For integers $a,n\in \mathbb N$, consider the following integral $$ I_n(a) = \frac{(-i)^x}{\pi}\int_0^\pi e^{i\theta(n-2a)} \sin^x \theta \cos^{n-x} \theta\; \mathrm d\theta\;. $$ How would one go around evaluating such an integral?
To be completely honest, I am being a bit cheeky here since I know the answer to the question, as I obtained this integral by applying the Cauchy integral formula on the generating function of Kravchuk polynomials. To see the answer, you may point your mouse at the answer paragraph below.
What I have been trying to find without success is a direct calculation of this integral (without using the Cauchy integral formula). I have no experience with integrals, so I am most interested in seeing what heuristic rules one takes when evaluating an integral of products of cosines and sines.
I am guessing that such products of sines and cosines is seen frequently seen in integrals and hoping there is known way to work with them.
Thank you!
The value of $I_n(a)$:
Consider the expression $\left(\frac{1-z}{2}\right)^x\left(\frac{1+z}{2}\right)^{n-x}$ as a function of $z$.
The coefficient of $z^a$ is $\sum_{j=0}^a(-1)^j\binom{x}{j}\binom{n-x}{a-j}\Big/2^n $.

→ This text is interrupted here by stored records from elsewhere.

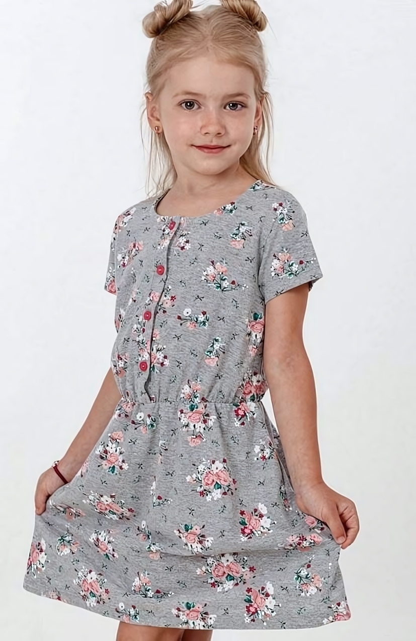 Платье для девочки "Юлла", 100% хлопок, р.104-110, серый с цветочным принтом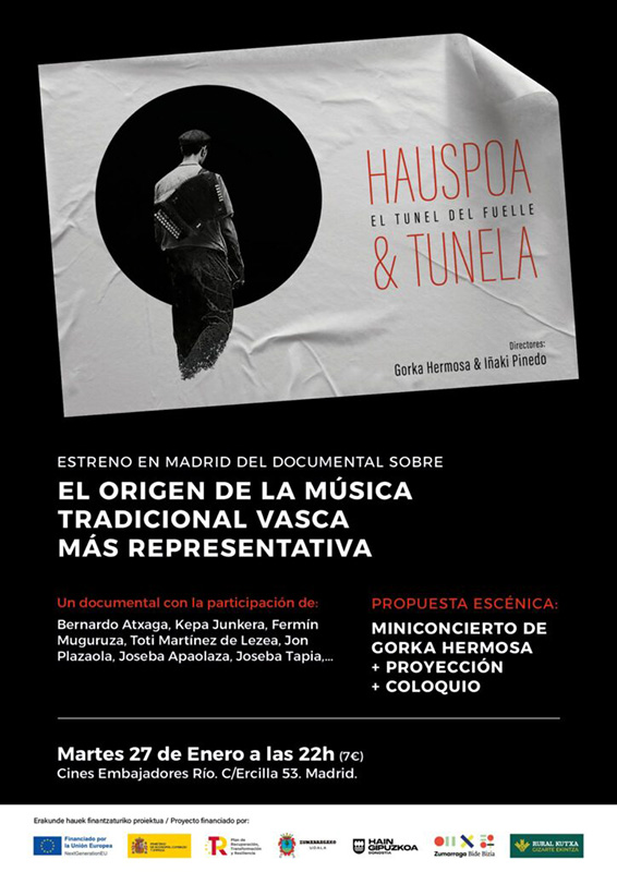 Además de la proyección, en la presentación en Madrid de “El Túnel del Fuelle”, Gorka Hermosa ofreció un mini concierto con tres piezas de enorme calidad (una de ellas dedicada a sus dos hijas). En el posterior coloquio se sumó el actor y cantante Jimmy Barnatán, quien narró sus propias experiencias con la trikitixa.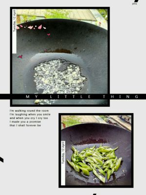 起油锅……放入盐、蒜末炒出金黄色) ~加入尖椒翻滚均匀后……… (喜欢吃辣的亲们可以加些米粒椒喔
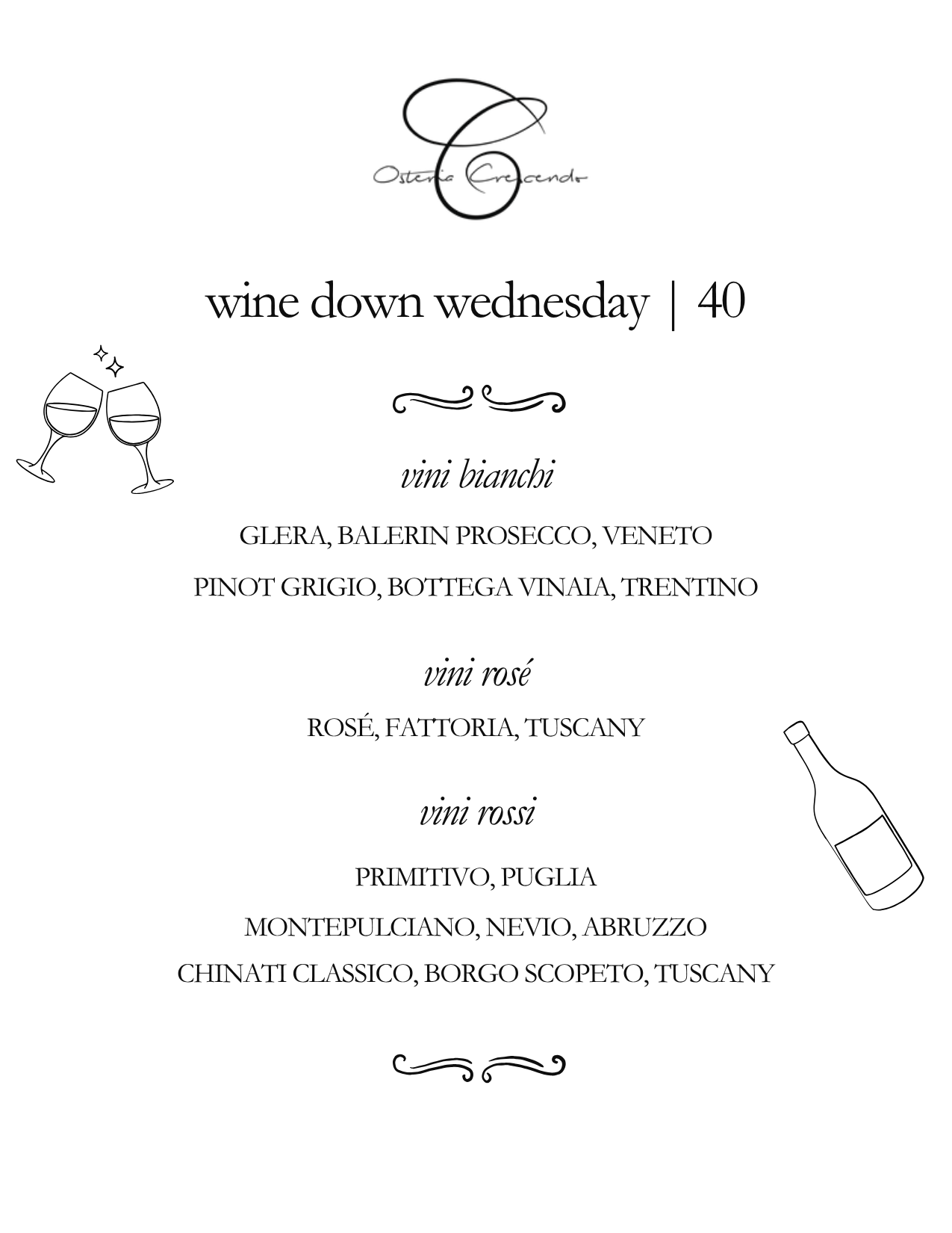 Unwind midweek with $40 select bottles of wine, available every Wednesday this fall and winter. Whether you’re catching up with friends or winding down after work, enjoy exceptional wines curated by our beverage team!

Applying Cauchy integral formula on the above function, we get that the coefficient of $z^a$ is also $\frac{1}{2\pi}\oint_0^{2\pi}((1-z)/2)^x((1+z)/2)^{n-x}z^{-(a+1)}\;\mathrm d z$. Now substituting $z=e^{2i\theta}$, and integrating over the unit disk in the counter clockwise direction, we obtain that this latter integral is equivalent to $I_n(a)$.